UTF-8 (8-bit Unicode Transformation Format) is a lossless, variable-length character encoding for Unicode created by Ken Thompson and Rob Pike. It uses groups of bytes to represent the Unicode standard for the alphabets of many of the world's languages. UTF-8 is especially useful for transmission over 8-bit Electronic Mail systems.

Advantages and disadvantages

• General
• Advantages
• Sorting of UTF-8 strings using standard byte-oriented sorting routines will produce the same results as sorting them based on Unicode code points, but this is unlikely to be considered a culturally acceptable sort order.
• UTF-8 and UTF-16 are the standard encodings for XML documents. All other encodings must be specified explicitly either externally or through a text declaration. http://www.w3.org/TR/REC-xml/#charencoding
• Disadvantages
• A badly-written (and not compliant with current versions of the standard) UTF-8 parser could accept a number of different pseudo-UTF-8 representations and convert them to the same Unicode output. This provides a way for information to leak past validation routines designed to process data in its eight-bit representation. See the W3 FAQ: Multilingual Forms for a Perl regular expression to validate a UTF-8 string
• Compared to legacy encodings
• Advantages
• UTF-8 can encode any Unicode character.
• UTF-8 guarantees resynchronisation is possible with only the character that was cut in the middle lost. Many legacy multibyte encodings are much harder to resynchronise.
• A byte sequence for one character never occurs as part of a longer sequence for another character as it did in older variable-length encodings like Shift-JIS (see the previous section on this).
• The first byte of a multibyte sequence is enough to determine the length of the multibyte sequence (just count the number of leading set bits). This makes it extremely simple to extract a substring from a given string without elaborate parsing. This was often not the case in legacy multibyte encodings.
• Disadvantages
• UTF-8 is generally larger than the appropriate legacy encoding for everything except diacritic-free, Latin-alphabet text.

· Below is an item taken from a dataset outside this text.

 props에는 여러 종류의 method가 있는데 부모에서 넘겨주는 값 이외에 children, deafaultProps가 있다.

Most alphabetic scripts had only a single byte per character in legacy encodings but their letters take at least two bytes in UTF-8. Ideographic scripts generally had two bytes per character in their legacy encodings yet take three bytes per character in UTF-8.

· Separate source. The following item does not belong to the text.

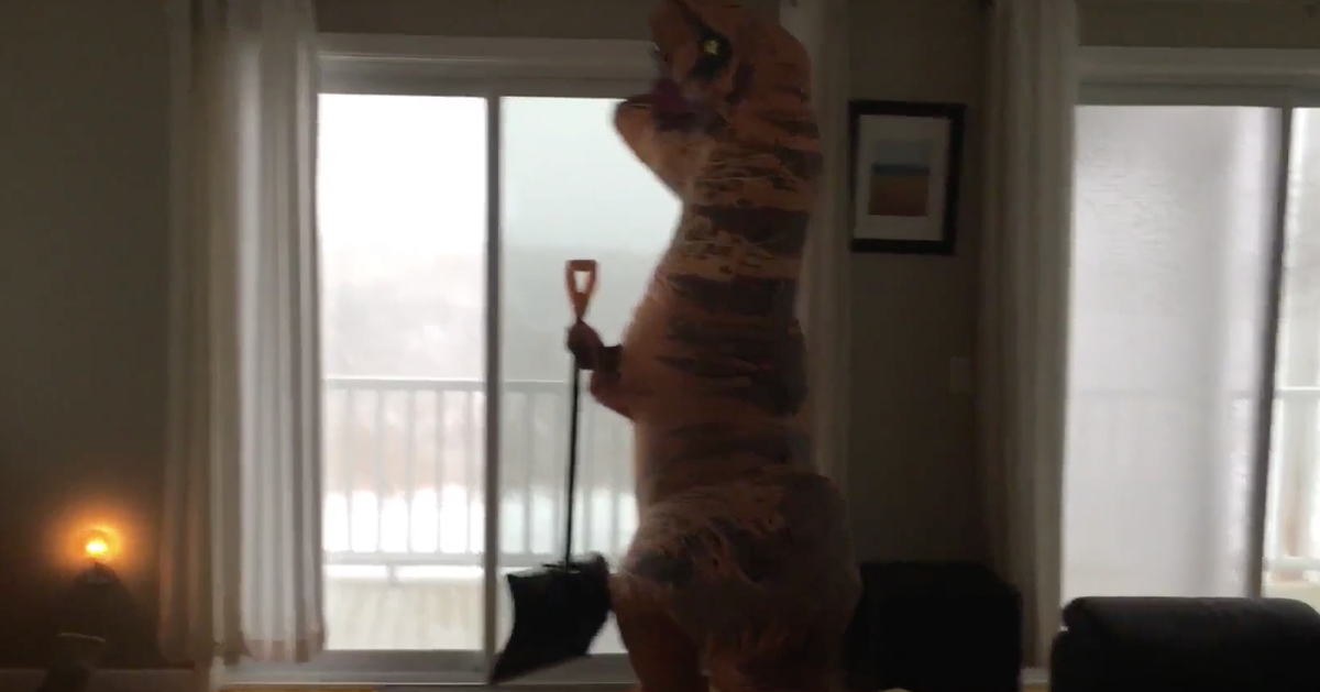 Apparently, while you can get married in a T. Rex suit, it’s not a good idea to shovel snow while wearing one:

• Legacy encodings for almost all non-ideographic scripts use a single byte per character making string cutting and joining easy.
• Compared to UTF-7
• Advantages
• UTF-8 uses significantly fewer bytes per character for all non-ASCII characters.
• UTF-8 encodes "+" as itself UTF-7 encodes it as "+-"
• Disadvantages
• UTF-8 requires the transmission system to be eight-bit clean. In the case of e-mail this means it has to be further encoded using quoted printable or base64. This extra stage of encoding carries a significant size penalty. For base64, the overhead is 33⅓%, while for quoted printable the overhead varies depending on how ASCII-heavy the text is; for French the overhead is about 14%, for non-Roman scripts containing no ASCII characters the overhead is 200%! In most cases UTF-7 will be smaller than the combination of UTF-8 with either quoted printable or base64 (even for ASCII-heavy languages such as French, UTF-7 is about 4% smaller than UTF-8 quoted printable).
• Compared to UTF-16
• Advantages
• Unicode code points in the ASCII range {{uplusfirst}}0000 to U+007F, including the basic Latin alphabet and the space character, can be represented in a single byte. Therefore text consisting of mostly diacritic-free Latin letters will be around half the size in UTF-8 than it would be in UTF-16, and text in many other alphabets will be slightly smaller in UTF-8 than it would be in UTF-16 because of the presence of spaces.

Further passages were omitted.